High-throughput electrophysiological assessment of drug
effect on cardiac ion channels using Qube system.
○Yuka SHIBANO1), Kazuya TSURUDOME1), Søren FRIIS2), Yuji TSURUBUCHI1)
1) Biolin Scientific K.K. 2) Biolin Scientific A/S.
Introduction
In the process of new assay determination by CiPA initiative group, it is suggested that the cardiac ion channel data from electrophysiology technique still take an important role in terms of the source of basic data for further
complemental analysis. We have released the Qube to fulfill the market requirement which is higher throughput but keep high quality of data. Take advantage of the technologies developed on QPatch, Qube utilizes the
precise pressure control and micro fluid mechanism that enable the multi-cell whole cell voltage clamp recording with high seal resistance on each cell. Here we show the examples of the currents recorded from stable cell
lines expressing cardiac ion channels on Qube.
Methods
Cells:
hERG
All hERG experiments were done with CHO hERG DUO from B’SYS. The cells were harvested using
trypsin and kept in SFM medium throughout the remaining of the day.
KvLQT1/minK
All KvLQT1/mink experiments were done with HEK KvLQT1/mink from B’SYS. The cells were harvested
using Detachin and kept in SFM medium on the Qube.
Nav1.5
All Nav 1.5 experiments were done with HEK Nav 1.5 from SB Drug Discovery. The cells were harvested
using Detachin and kept in SFM medium on the Qube.
Kv1.5
All Kv1.5 experiments were done with CHO Kv1.5 from B’SYS. The cells were harvested using trypsin and
kept in SFM medium on the Qube.
Cav1.2
All Cav 1.2 experiments were done with CHO Cav 1.2 from ChanTest. The cells were harvested using
trypsin and kept in SFM medium. This cell line is inducible – and after the induction its growth was
arrested at 30 ℃ in order to promote channel migration to the membrane. This period has to be
optimised – in these experiments we used 24 hour incubation at 30 ℃.
hERG channel
Saline
Solutions [mM]:
3 µM Dofetilide
hERG
EC: 145 NaCl, 10 HEPES, 4 KCl, 2 CaCl2, 1 MgCl2. pH was adjusted to 7.4 with NaOH. Osmolality was adjusted to 320 mOsm with glucose.
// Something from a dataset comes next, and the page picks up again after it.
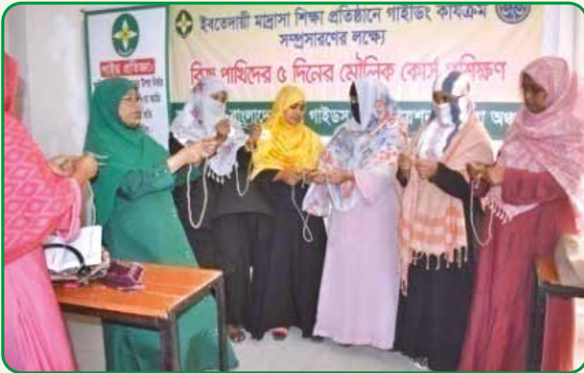
বিজ্ঞ পাখি মৌলিক প্রশিক্ষণে অংশগ্রহণকারীরা প্রশিক্ষণ নিচ্ছেন

IC: 130 KF, 20 KCl, 10 HEPES, 10 EGTA. pH was adjusted to 7.2 with KOH. Osmolality was adjusted to 300 mOsm with glucose.
KvLQT1/minK
EC: 145 NaCl, 10 HEPES, 4 KCl, 2 CaCl2, 1 MgCl2, pH was adjusted to 7.4 with NaOH. Osmolality was adjusted to 320 with glucose.
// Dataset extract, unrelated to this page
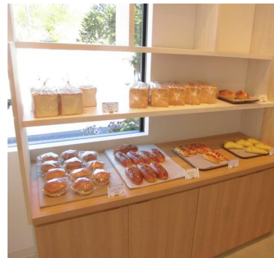
人気の食パンが並ぶコーナー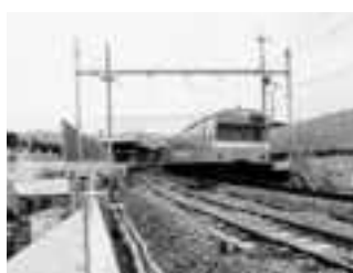
建設中のJR小倉新駅(12年12月)

IC: 110 K-Gluconate, 20 KCl, 10 HEPES, 5 EGTA, 2 CaCl2, 4 Na2-ATP. pH was adjusted to 7.2 with KOH. Osmolality was adjusted to 300 with glucose.
Nav1.5
EC: 145 NaCl, 10 HEPES, 4 KCl, 2 CaCl2, 1 MgCl2. pH was adjusted to 7.4 with NaOH. Osmolality was adjusted to 320 mOsm with glucose.
IC: 130 CsF, 20 KCl, 10 HEPES, 10 EGTA. pH was adjusted to 7.2 with KOH. Osmolality was adjusted to 300 mOsm with glucose.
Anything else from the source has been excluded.